To help tackle the UK’s obesity crisis, we must better educate medical professionals on weight stigma, according to the conclusions of a large-scale review led by UCL researchers.
It is widely accepted that people living with obesity are negatively affected by weight stigma, often referred to as weight-blaming; this is a form of discrimination, across all settings, based on stereotypes and prejudices about people who are either obese or overweight.
In health care, the negative biases associated with weight stigma are known to limit both access to health services and treatments. This has recently been the focus of a joint international consensus statement, published in Nature, aiming to end weight stigma in health care globally.
researchers at UCL conducted a review to evaluate weight stigma reduction strategies in health care practice and health care education, with a view to provide recommendations for interventions, learning, and research.

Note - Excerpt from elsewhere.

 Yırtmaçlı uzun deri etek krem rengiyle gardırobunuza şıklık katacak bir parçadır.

Lead author, Dr. Anastasia Kalea (UCL Division of Medicine) says that “sadly health care, including general practice, is one of the most common settings for weight stigmatization and we know this acts as a barrier to the services and treatments that can help people manage weight.”

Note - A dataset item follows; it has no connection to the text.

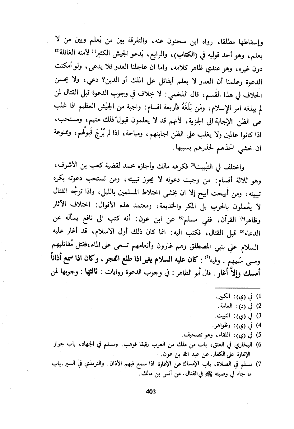 وَإِسْقَاطُهَا مُطْلَقًا رَوَاهُ ابْنُ سَحْنُونٍ عَنْهُ وَالتَّفْرِقَةُ بَيْنَ مَنْ يَعْلَمُ وَبَيْنَ مَنْ لَا يَعْلَمُ وَهُوَ أَحَدُ قَوْلَيْهِ فِي الْكِتَابِ وَالرَّابِعُ يَدْعُو الْجَيْش الْكَثْرَة لأمنه العائلة دُونَ غَيْرِهِ وَهُوَ عِنْدِي ظَاهِرُ كَلَامِهِ وَأَمَّا إِنْ عَاجَلَنَا الْعَدُوُّ فَلَا يُدْعَى وَلَوْ أَمْكَنَتِ الدَّعْوَةُ وَعَلِمْنَا أَنَّ الْعَدُوَّ لَا يَعْلَمُ أَيُقَاتَلُ عَن الْمُلْكِ أَوِ الدِّينِ دُعِيَ وَلَا يَحْسُنُ الْخِلَافُ فِي هَذَا الْقِسْمِ قَالَ اللَّخْمِيُّ لَا خِلَافَ فِي وُجُوبِ الدَّعْوَةِ قَبْلَ الْقِتَالِ لِمَنْ لَمْ يَبْلُغْهُ أَمْرُ الْإِسْلَامِ وَمَنْ بَلَغَهُ فَأَرْبَعَةُ أَقْسَامٍ وَاجِبَةٌ مِنَ الْجَيْشِ الْعَظِيمِ إِذَا غَلَبَ عَلَى الظَّن الْإِجَابَة على الْجِزْيَةِ لِأَنَّهُمْ قَدْ لَا يَعْلَمُونَ قَبُولَ ذَلِكَ مِنْهُمْ وَمُسْتَحَبٌّ إِذَا كَانُوا عَالِمِينَ وَلَا يَغْلِبُ عَلَى الظَّنِّ إِجَابَتُهُمْ وَمُبَاحَةٌ إِذَا لَمْ يُرْجَ قَبُولُهُمْ وَمَمْنُوعَةٌ إِنْ خُشِيَ أَحَدُهُمْ لِحَذَرِهِمْ بِسَبَبِهَا وَاخْتُلِفَ فِي التَّبْيِيتِ فَكَرِهَهُ مَالِكٌ وَأَجَازَهُ مُحَمَّدٌ لِقَضِيَّةِ كَعْبِ بْنِ الْأَشْرَفِ وَهُوَ ثَلَاثَةُ أَقْسَامٍ مَنْ وَجَبَتْ دَعْوَتُهُ لَا يَجُوزُ تَبْيِيتُهُ وَمَنْ تُسْتَحَبُّ دَعْوَتُهُ يُكْرَهُ تَبْيِيتُهُ وَمَنْ أُبِيحَتْ أُبِيحَ إِلَّا أَن يخْشَى اخْتِلَاط الْمُسلمين بِاللَّيْلِ وغذ تَوَجَّهَ الْقِتَالُ لَا يَعْمَلُونَ بِالْحَرْبِ بَلِ الْمَكْرُ وَالْخَدِيعَةُ وَمُعْتَمَدُ هَذِهِ الْأَقْوَالِ اخْتِلَافُ الْآثَارِ وَظَاهِرُ الْقُرْآنِ فَفِي مُسْلِمٍ عَنِ ابْنِ عَوْنٍ أَنَّهُ كَتَبَ إِلَى نَافِعٍ يَسْأَلُهُ عَنِ الدُّعَاءِ قَبْلَ الْقِتَالِ فَكَتَبَ إِلَيْهِ إِنَّمَا كَانَ ذَلِكَ أَوَّلَ الْإِسْلَام قد أغار عَلَيْهِ السَّلَام عَليّ بِنَبِي المصطلق وَهُوَ غَارُّونَ وَأَنْعَامُهُمْ تَسْعَى عَلَى الْمَاءِ فَقَتَلَ مُقَاتِلِيهِمْ وسبى سَبْيهمْ وَفِيه كَانَ - صَلَّى اللَّهُ عَلَيْهِ وَسَلَّم َ - يُغِيرُ إِذَا طَلَعَ الْفَجْرُ وَكَانَ إِذَا سَمِعَ أَذَانًا أَمْسَكَ وَإِلَّا أَغَارَ قَالَ أَبُو الطَّاهِرِ فِي وجوب الدعْوَة وَرِوَايَات ثَالِثُهَا وُجُوبُهَا لِمَنْ

“A common misconception among medics and others, is that obesity is caused by factors within a person’s control, focusing on diet and exercise without recognition of, for instance, social and environmental determinants.”
“In this review, it was clear more needs to be done to educate health care professionals and medical students on the complex range of factors regulating body weight, and to address weight stigma, explicitly emphasizing its prevalence, origins, and impact.”
In the largest study of its kind, researchers undertook a systematic review of 3,773 international research articles. This included 25 weight stigma interventional initiatives, comprising a total of 3,554 participants.
Through this analysis, researchers identified that weight-inclusive approaches to education in health care were effective in challenging stereotypes and improving attitudes. Such methods included ethics seminars discussing patient experiences, embedding virtual story-telling of patient case studies, or empathy evoking activities in the curriculum, such as following a calorie restricted diet or participation in clinical encounters with patients living with overweight and obesity. However, other methods such as video presentations and short lectures were not equally effective in improving attitudes in the long term.
Researchers are now calling on medical schools in both the UK and globally to ensure effective and sustained weight-inclusive teaching is embedded in medical doctor training and is added to the continuing professional development of clinicians.
Dr. Kalea says that “weight stigma needs to be addressed early on and continuously throughout health care education and practice, by teaching the genetic and socioenvironmental determinants of weight, by discussing the sources, impact and recognizing the implications of stigma on treatment. We need to move away from a solely weight-centric approach to health care to a health-focused weight-inclusive one. And it is equally important to assess the effects of weight stigma in epidemiological research.”
Obesity is one of the UK Government’s health priorities. Almost two-thirds (63%) of adults in England are overweight or living with obesity—and one in three children leave primary school overweight or obese, with obesity-related illnesses costing the NHS £6 billion a year. The urgency of tackling the obesity and overweight has been brought to the fore by evidence of the link to an increased risk from COVID-19.
Dr. Kalea adds that “stigma reduction interventions are a current research priority. Improving the ways we educate health care professionals early on is a starting point, keeping the focus on our patients; we need to communicate better, listen carefully to our patients needs and let these inform our teaching and research agendas.”
Weight stigma is also known to cause “internalized weight bias” (IWB), which is when a person applies negative societal or cultural beliefs about body weight to themselves. This can lead to psychological distress, depression, anxiety, low self-esteem and often leads to decreased health motivation and maladaptive coping such as avoidance of timely health care, social isolation, reduced physical activity and disordered eating behaviors.
Weight stigma has also been shown to increase risk of developing obesity, and health care is one of the most common contexts where weight stigmatization occurs. Physicians have been reported as the second most common source of weight stigma and discrimination.
Senior author, Professor Rachel Batterham OBE (UCL Division of Medicine), who leads the Centre for Obesity Research at UCL and the UCLH Centre for Weight Management said: “Identifying widely applicable ways to effectively reduce health care related weight stigma is urgently needed. In addition to improving health care provision, and the health and well-being of patients with obesity, health care that not only avoids, but actively addresses and reduces internalized weight bias may help patients better cope with and reduce the effects of stigma until it minimized in society. Not surprisingly, whilst stigmatizing does the opposite, empathetic, non-stigmatizing weight-related communication can increase patients’ health motivation and intention to comply with health professionals’ advice.”